▶ WORK INSTRUCTION
Copy exactly the lines of the material below that fall between the line with "Температуры плавления образцов" and the line with "3. Bake 30-60", both of those lines included; pictures stay out.

▶ PROVIDED ENTRIES
○ ○ ○ ○ ○
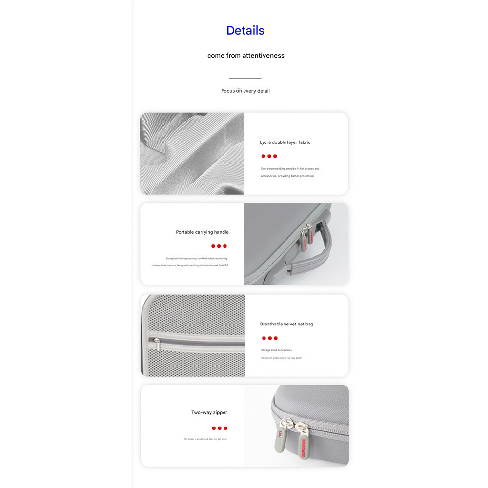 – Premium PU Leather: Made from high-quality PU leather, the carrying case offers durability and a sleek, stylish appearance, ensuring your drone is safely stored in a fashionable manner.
○ ○ ○ ○ ○
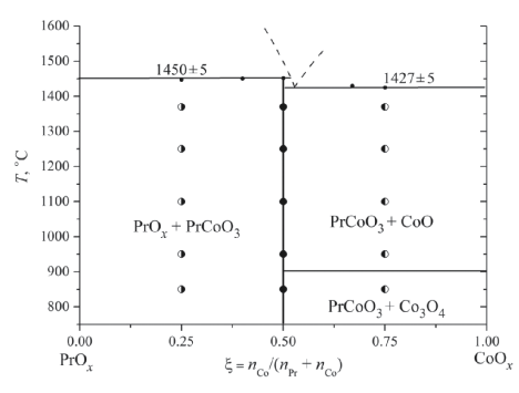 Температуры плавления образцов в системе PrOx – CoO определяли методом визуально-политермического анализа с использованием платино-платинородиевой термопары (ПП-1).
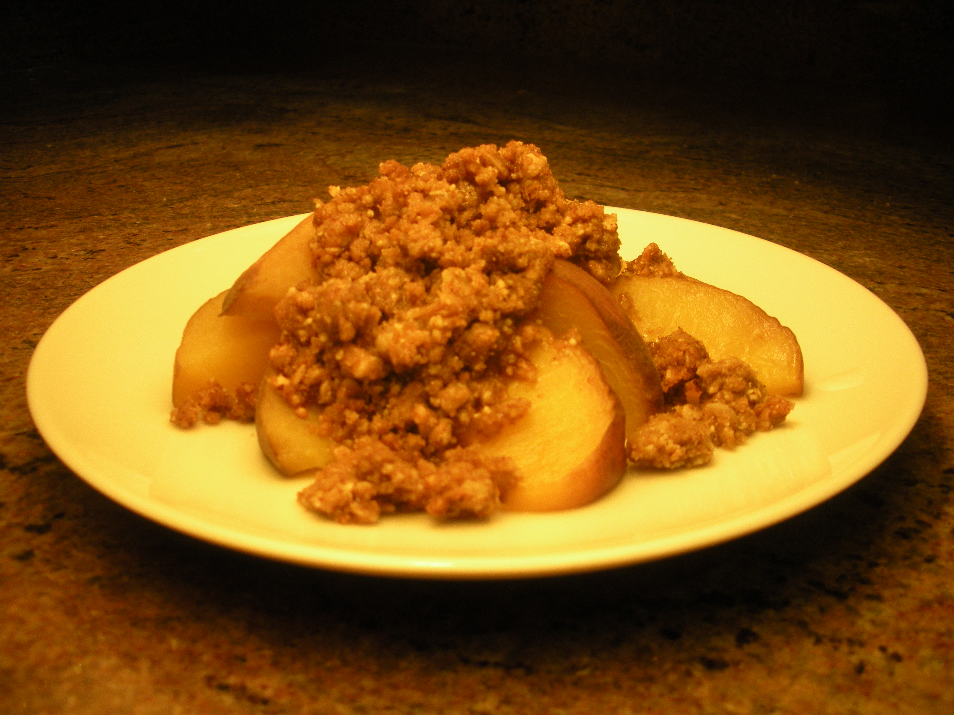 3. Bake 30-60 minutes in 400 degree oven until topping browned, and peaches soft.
○ ○ ○ ○ ○
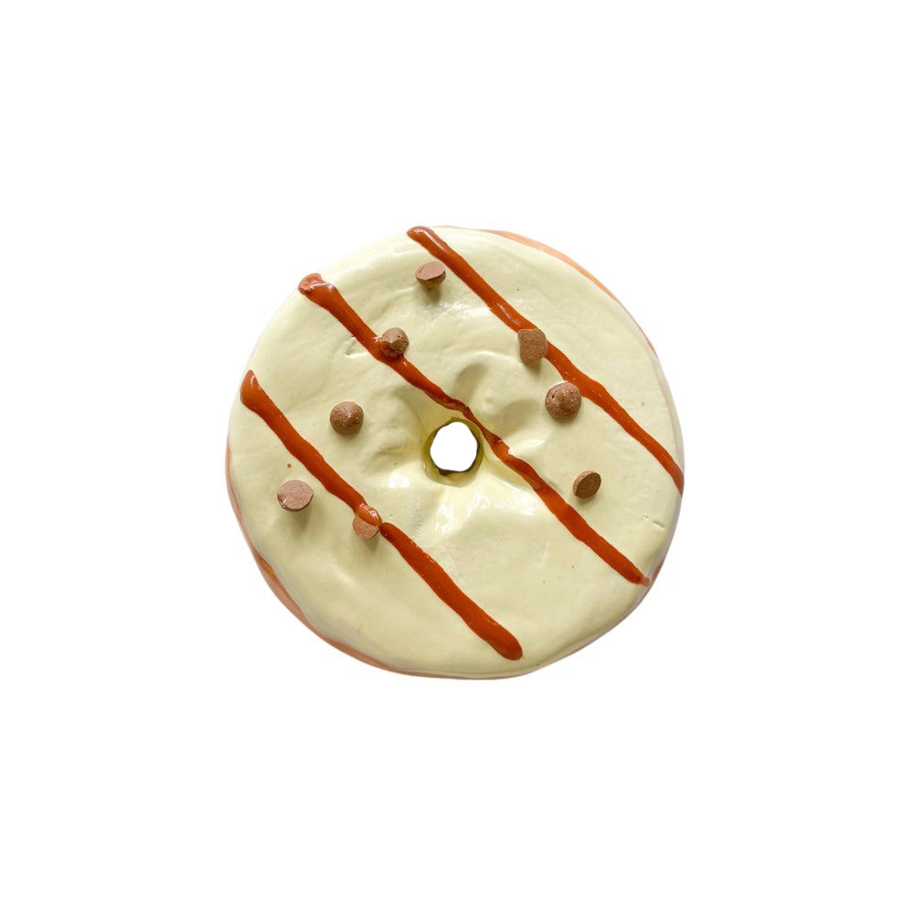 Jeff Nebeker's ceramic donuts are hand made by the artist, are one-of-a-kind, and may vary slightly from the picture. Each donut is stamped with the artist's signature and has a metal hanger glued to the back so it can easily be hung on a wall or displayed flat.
○ ○ ○ ○ ○
▶ ANSWER TO THIS TASK
 Температуры плавления образцов в системе PrOx – CoO определяли методом визуально-политермического анализа с использованием платино-платинородиевой термопары (ПП-1).
 3. Bake 30-60 minutes in 400 degree oven until topping browned, and peaches soft.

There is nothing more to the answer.